Despite an explosion of content competing for our attention, Hollywood retains a powerful grip on global popular imagination.
Big name film stars set trends with their fashion choices whilst merchandise sales tied to the biggest blockbusters – Star Wars is a prime example – can be worth hundreds of millions of dollars.
But cinema’s emotional power also holds sway over other aspects of our lives, sometimes in unexpected and surprising ways. In a research study with colleagues at NUS Business School and Renmin University in China, we found that the emotional impact of movies also has a significant influence on stock price returns.
Several academic studies have revealed a range of factors that influence investor sentiment and hence drive stock returns. High profile disasters such as air crashes or terrorist attacks for example, depress investor sentiment and therefore lead to lower stock returns.
Likewise lack of sunshine or poor air quality caused by pollution have both been linked to depressed returns, while another study found stock returns are affected by lunar phases. Stock returns have also been found to have predictable patterns around social events such as national holidays and religious festivals, with high returns preceding these days, probably due to the positive boost they give to investor sentiment.
Indeed investor sentiment has been shown to have a close association with stock fluctuations, calling into question the classical economic view that sees investors as rational actors and stock prices as random and unpredictable.
In the field of behavioural research, several other academic studies have shown that movie exposure can alter audience behaviour. For example, one study by researchers at the University of California found that larger audiences for violent movies was associated with a same day reduction in violent crimes.
What intrigued us was whether movie sentiment, demonstrated by a film’s box office takings, has a similar effect on investor behaviour.

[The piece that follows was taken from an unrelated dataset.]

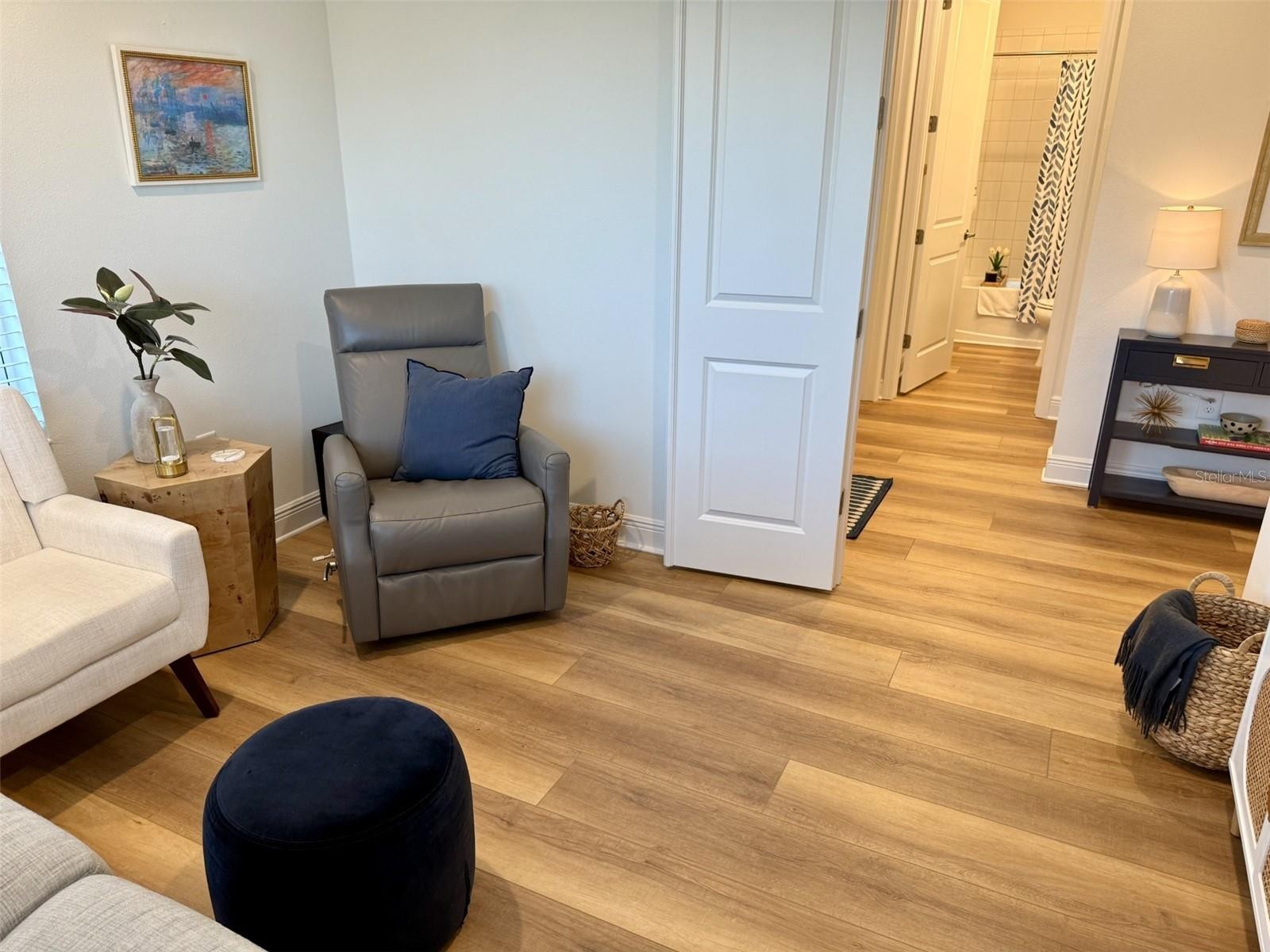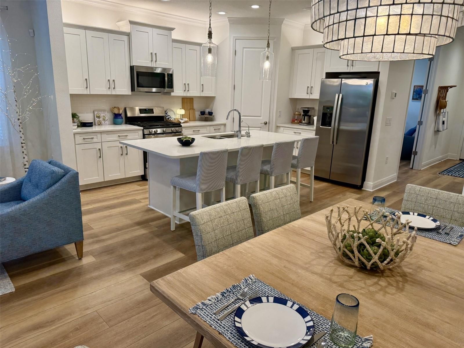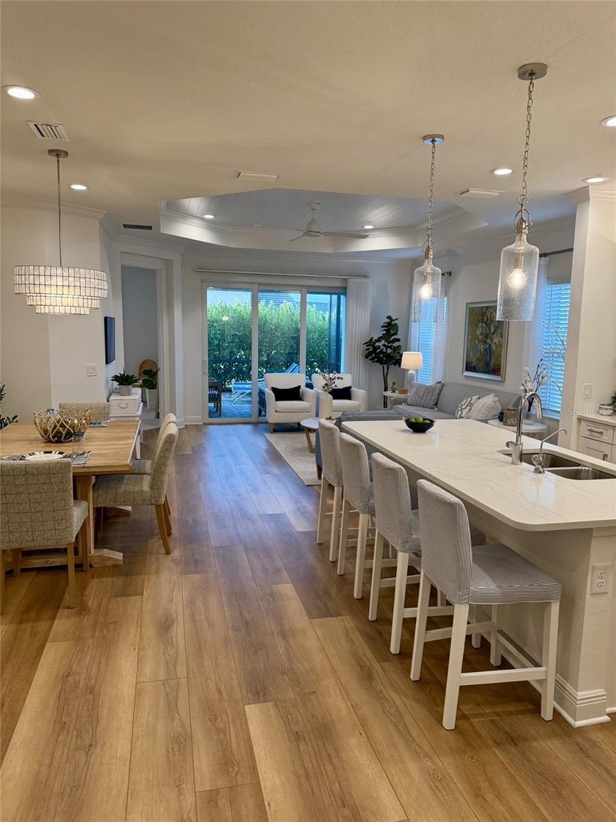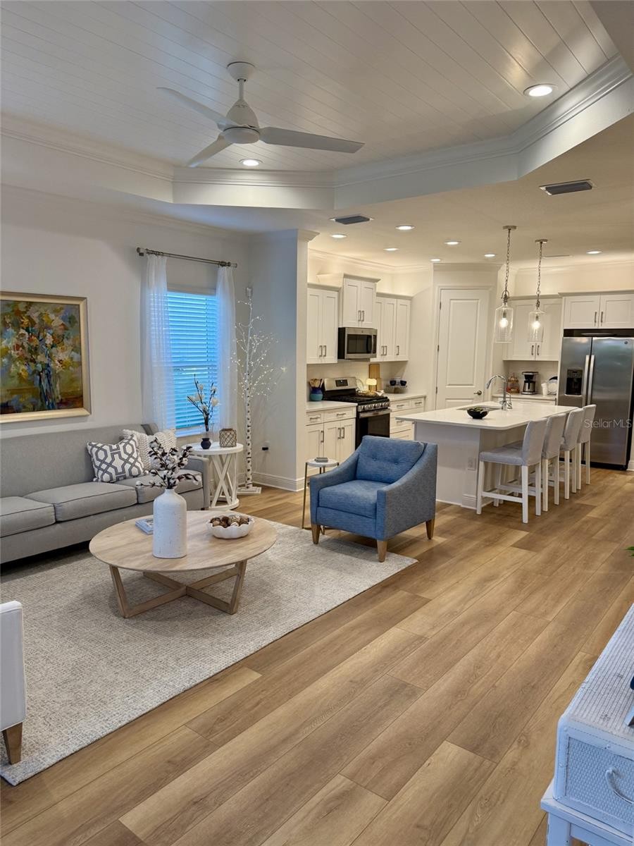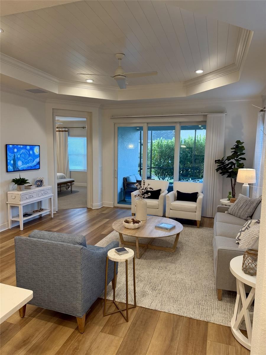 Better than the builder’s model and loaded with upgrades you won’t find in other villas, this stunning 2023-built 2-bedroom, 2 bath + flex room home in Grand Palm is the one buyer’s wait for — and they don’t last. Perfectly positioned on a large corner lot with desirable southern exposure, you’ll enjoy gorgeous sunrise views over the lake from your extended lanai, surrounded by mature landscaping for rare privacy. Inside, the difference is immediate — 8-foot doors throughout, elegant crown molding, a custom shiplap tray ceiling in the living room, and a designer accent wall create a high-end, model-like feel. Luxury vinyl plank flooring, upscale lighting, and premium window treatments — including an expensive upgraded slider treatment — elevate every space. Hurricane-impact windows and doors provide security and peace of mind. The kitchen is beautifully appointed with upgraded cabinetry featuring soft-close drawers and pull-outs, Upgraded appliance package including convection oven, RO drinking water faucet , Over-cabinet lighting, and even dedicated power in the pantry for small appliances. Thoughtful details continue with power in the front closet for a charging station; dimmer switches on the lanai and in bath two, upgraded tile in the bathrooms, and a highly desirable easy-access shower not found in other villas. A whole-house water softener, reverse osmosis drinking water system, epoxy garage flooring, and added storage shelving complete this exceptional home. This is not a standard new build — it’s a meticulously upgraded, move-in-ready villa that truly stands out. If you’ve been waiting for something special in Grand Palm, this is it. Schedule your showing before it’s gone.

Using data from daily stock trades and movie websites Box Office Mojo and Rotten Tomatoes over a 12 year period we found that high box office takings for action-adventure movies leads to a two-basis-point rise in next-day stock market return.
We also found that certain types of stocks – those that are small-scale, young, volatile, unprofitable, non-dividend paying, or that see extreme growth – are more susceptible to the effects of movie sentiment. This is because individuals drawn to more speculative investments, and who tend to have their mood elevated by exposure to action-adventure movies, inherently prefer to deal in these kind of stocks.
Moreover our study showed the effect on stock returns was especially pronounced when movies with strong reviews from film critics and with higher audience ratings are being shown.
For our research we looked in particular at the impact of action-adventure movies, as psychological studies have shown that this genre of film provokes the most intense emotional reaction – a state most likely to drive investors to more risk-taking behaviour. The action-adventure genre is also by far the most popular, accounting for more than half of the top 50 highest grossing films of all time in the US.
From the data we gathered in our study, we found that a high box office for these types of films lead to a greater investor propensity to speculate, in turn fuelling an overvaluation of stocks reflected by an increase in stock returns.
This reflects the fact that among the various movie genres including romances, comedies and dramas, action-adventure films are conceptually the kind most closely related to issues of risk and uncertainty.
Our study also showed that the impact of movie sentiment on stock returns intensified on days approaching weekends, and was noticeably weaker on days immediately after. This suggests that movie sentiment amplifies a day-of-the-week effect on stock returns found by other studies.
These findings are significant because they show that movie sentiment is a significant factor, among several others, in predicting stock returns because of their impact on investor moods.
This also adds to growing evidence from the fields of psychology and behavioural finance that contradict the assumptions of traditional asset pricing theory that investors are perfectly rational.
Instead our study supports the case that investors are subject to behavioural biases – shaped by their moods – which drive their decisions away from what economists would regard as the most optimal and rational choices.
This mood variability is what shapes investors’ views – whether right or wrong – about investment risks and future cash flows, in turn leading to overvaluation or undervaluation of stock returns.
From our study we found clear evidence to identify action-adventure movies as a source of investor sentiment, with movie quality – determined by professional critic reviews and audience ratings – being a major determinant of its impact.
Ultimately our findings reveal that the impact of a night at the cinema can be about more than just a couple of hours of escapism in the company of a box of popcorn and, if we’re lucky, a significant other.
It can also play a significant role in shaping our financial fortunes too.